Anirudh "Ajay" Agarwal (born 20 December 1949) is a retired Indian actor. He is known for his appearances in horror films such as Purana Mandir, Bandh Darwaza, and Saamri as well as starring in episodes of Zee Horror Show.

Early life
During his school and college years, Agarwal was the sports ambassador. He studied Civil Engineering at the Indian Institute of Technology Roorkee, before graduating in 1974. He moved to Mumbai, where he initially started work as an engineer but quit his job to begin his acting career.

Career

Due to his somewhat intimidating appearance, caused by a tumor near his pituitary gland, Agarwal starred in Hindi films and television as demonic/ghostly characters or villains in general. He most notably worked with the Ramsay brothers, first starring in their film Purana Mandir as Samri, then as the vampire Nevla in Bandh Darwaza and once again as Samri in Saamri.

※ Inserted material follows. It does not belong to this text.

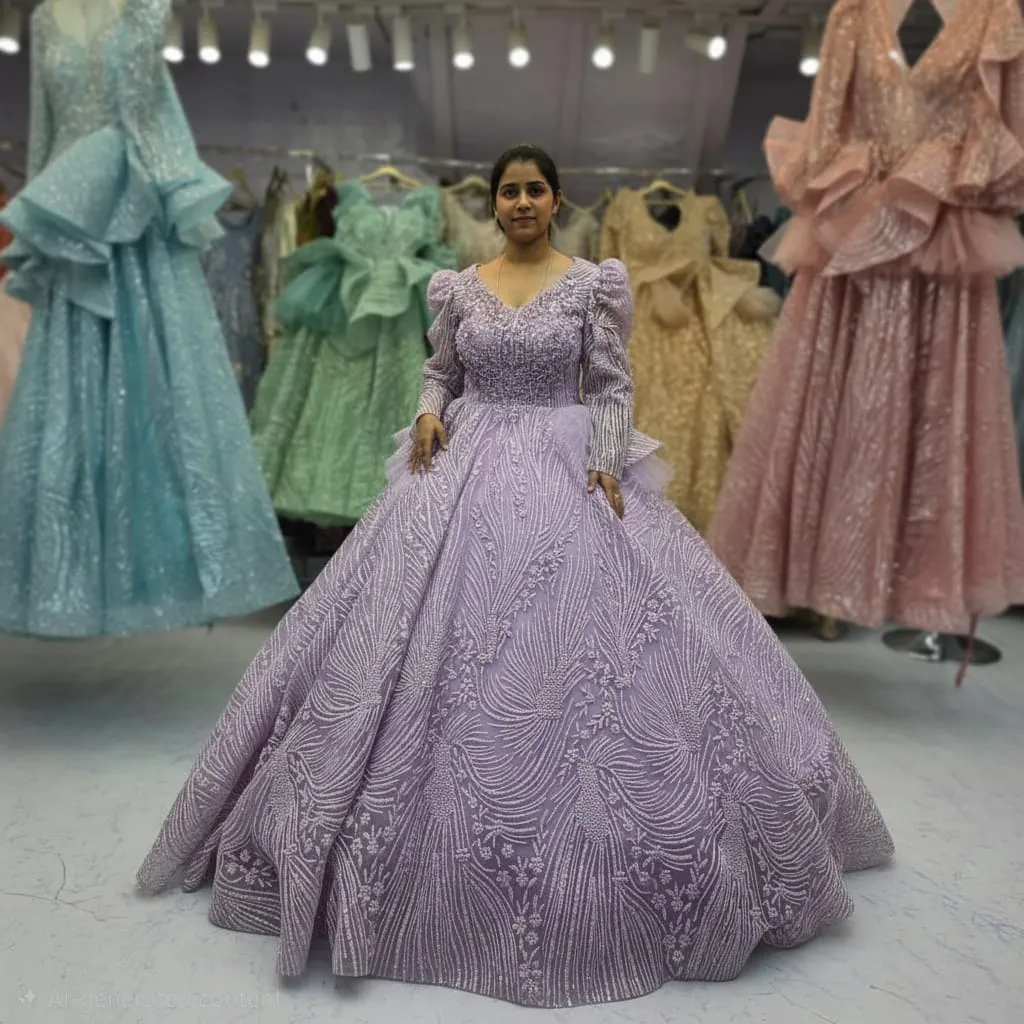 Make a grand entrance in this luxurious lavender ball gown, a masterpiece designed for women who adore a royal, glamorous look. Crafted with a 3D embroidered pattern, this gown shines from every angle with its intricately beaded embellishments and architectural flare.

He also featured in two Hollywood films; playing a supporting antagonist in Stephen Sommers' 1994 live action adaptation of The Jungle Book and later briefly appearing in Such a Long Journey.

And in 1994, when he was approached by Shekhar Kapur for the role of Babu Gujjar in Bandit Queen, it was a defining moment as he got the right opportunity to demonstrate his versatility as an artist. He later joined hands with his friends Aamir Khan for Mela in 2000 and with Akshay Kumar for Talash: The Hunt Begins in 2003.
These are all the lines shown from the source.